Four years ago I worked as a Peace Corps volunteer in El Salvador at a butterfly exhibit. The very first day that I arrived where the butterfly house was located, a dazzling Blue Morph greeted me and flashed its wings as it flew by. I knew then that I wanted to raise this magnificent butterfly for the exhibit.
Morpho females use a variety of host plants and will lay a single egg on the underside of a leaf. Upon hatching, the first instar larva devours its empty shell, which provides an initial source of carbohydrates and proteins before it begins to feed on the host plant.
I found the various stages of the caterpillar to be fascinating. As caterpillars grow, they get to a point where they must shed their skin before they can continue to develop. The larva has five stages called instars. The larva of the Blue Morpho is quite distinct in each stage.
The caterpillars have unique ways to defend themselves from predators. Coloration at each stage provides them with camouflage. The older larvae have a gland located on their thorax that emits a strong order when threatened, which some describe as rancid butter. The hairs on their body also can irritate predators once touched.
The entire caterpillar stage lasts roughly eight weeks before forming the chrysalis. Immediately before pupation, the caterpillar enters a pre-pupal stage and the entire body color changes to light green lasting approximately three days.
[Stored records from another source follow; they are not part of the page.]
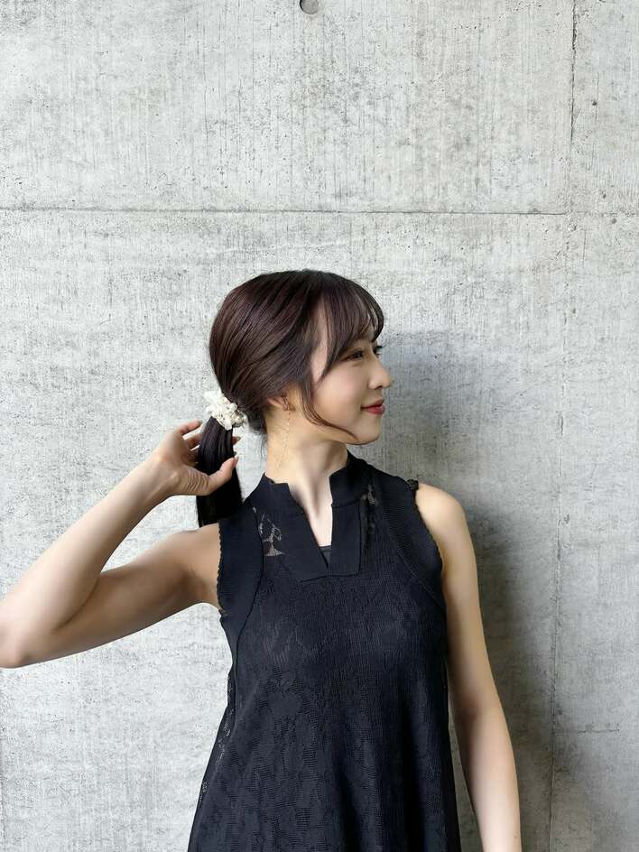 真っ白な肌が際立つ黒のノースリーブワンピースで凛とした大人の清潔感あふれる姿を見せています。
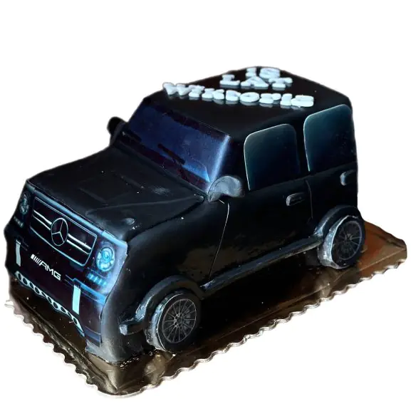 Tort pokryty delikatnym lukrem, oddaje charakterystyczną sylwetkę Mercedesa Klasy G. Szczegółowo wykonane elementy z nadruków jadalnych, takie jak reflektory czy chromowane akcenty, dodają tortowi wyjątkowego blasku i efektu.
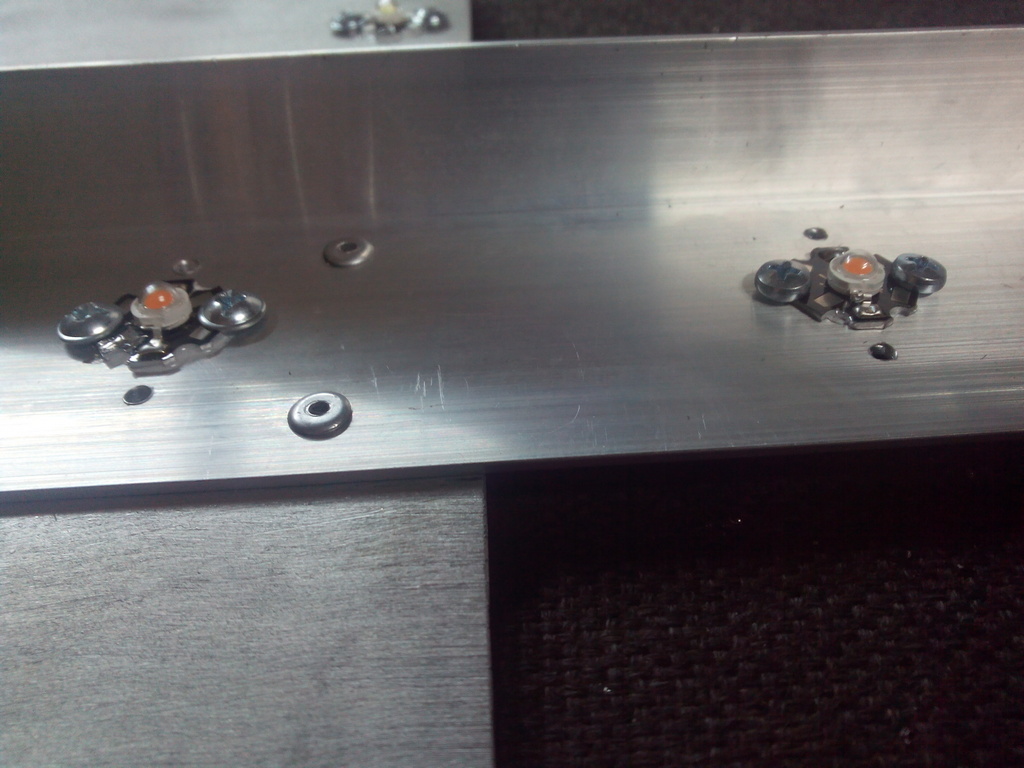 Крепить диоды решил винтами. Разметил, насверлил дырок, накрутил резьбу и начал садить на термопасту.
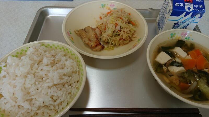 今日は、麦ごはん、豆腐汁、鶏肉のハーブ焼き、かみかみ和え、牛乳でした。
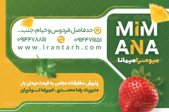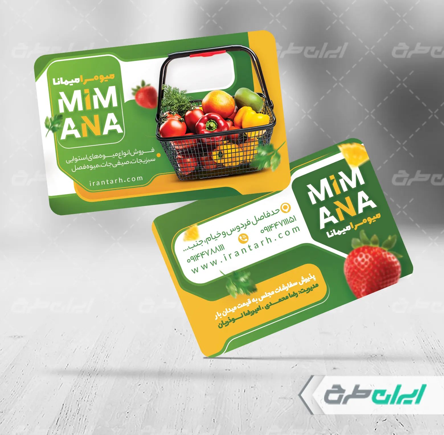 طرح لایه باز کارت ویزیت میوه فروشی، جهت بازاریابی و تبلیغات این دسته از فروشگاه ها توسط تیم طراحان ایران طرح طراحی و در دسترس کاربران سایت قرار گرفته است.
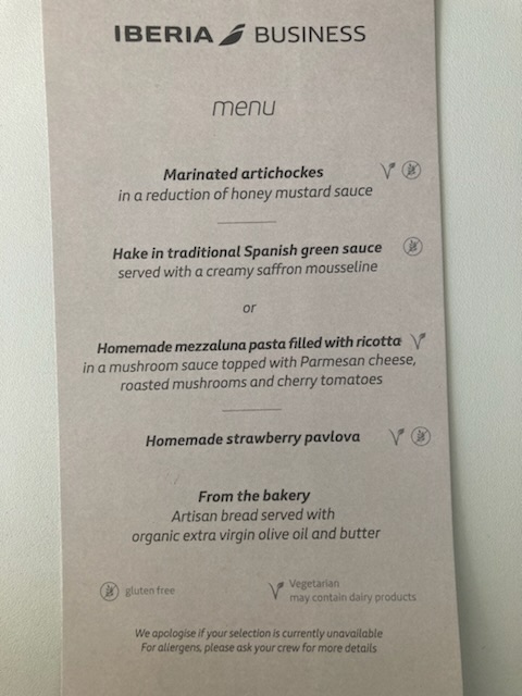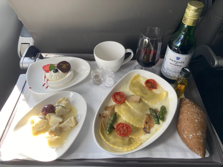 Presentationen av maten såg riktigt trevlig ut. Var det gott?Hälsningar (efter landning) från IB3169 LHR-MAD. Serveringen är trerätters på porslin med två val av huvudrätt, tog pastan. Det kom en liten chokladbit till kaffet efter jag tog fotot.
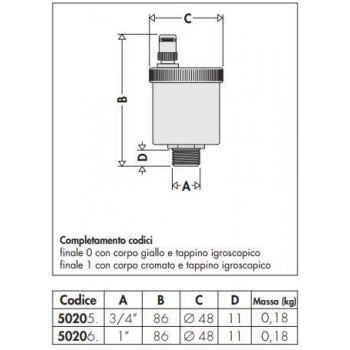 Caleffi valvola automatica sfogo aria 5020 Minical
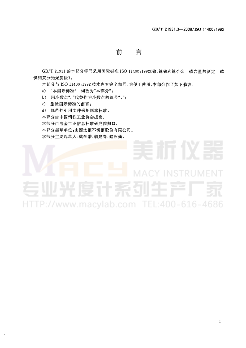 1Cs77.100H11G中华人民共和国国家标准GB/T21931.3一2008/IS011400:1992镍、镍铁和镍合金磷含量的测定磷钒钼黄分光光度法Nickel,ferronickel and nickel alloys-Determination of phosphorus content-Phosphovanoclonolybeate molecular absorption spectrometric method(IS011400:1992,IDT)HTTP://www.macylab.comEL:400-616-46862008-05-30发布2008-12-01实施中华人民共和国国家质量监督检验检疫总局中国国家标准化管理委员会发布
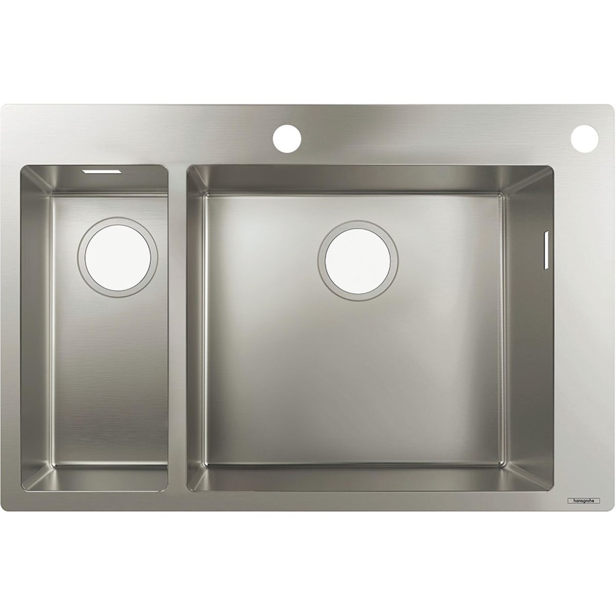 Die Aufsatzspüle S71 180/450 von Hansgrohe aus Edelstahl für einen 80 cm hohen Unterschrank ist dank Haupt- und Nebenbecken perfekt geeignet, um komfortables Arbeiten in der Küche zu ermöglichen, wenn verschiedene Tätigkeiten gleichzeitig ausgeführt werden. Die rechteckige, minimalistische Form passt sich jeder Kücheneinrichtung an und harmoniert auf vielfältige Weise mit der individuellen Ausstattung. Die Konstruktion mit breitem L-förmigem Rand setzt ästhetische Akzente und macht die Spüle zu einem Blickfang in der Küche. Dank der Öffnung für die Armatur und der vorgebohrten Öffnung für die Fernbedienung des Abflusses ist dieses Produkt optimal für noch mehr Komfort bei den täglichen Küchenarbeiten konzipiert. Hochwertiges und ergonomisch vielseitiges Design für die Küche.

The larva will attach itself to a twig or large leaf, and will rest for about 36-48 hours while the chrysalis develops beneath the larval skin. The larval skin splits along sutures on its back to reveal the chrysalis. The pupal stage lasts approximately two weeks before the butterfly is ready to emerge, but in the wild can last to several months in order to time their emergence with the arrival of seasonal rains.
Once hatched, an adult Morpho lives for about two to three weeks. The entire life cycle of the Morpho butterfly from egg to death is approximately 115 days, or just under four months.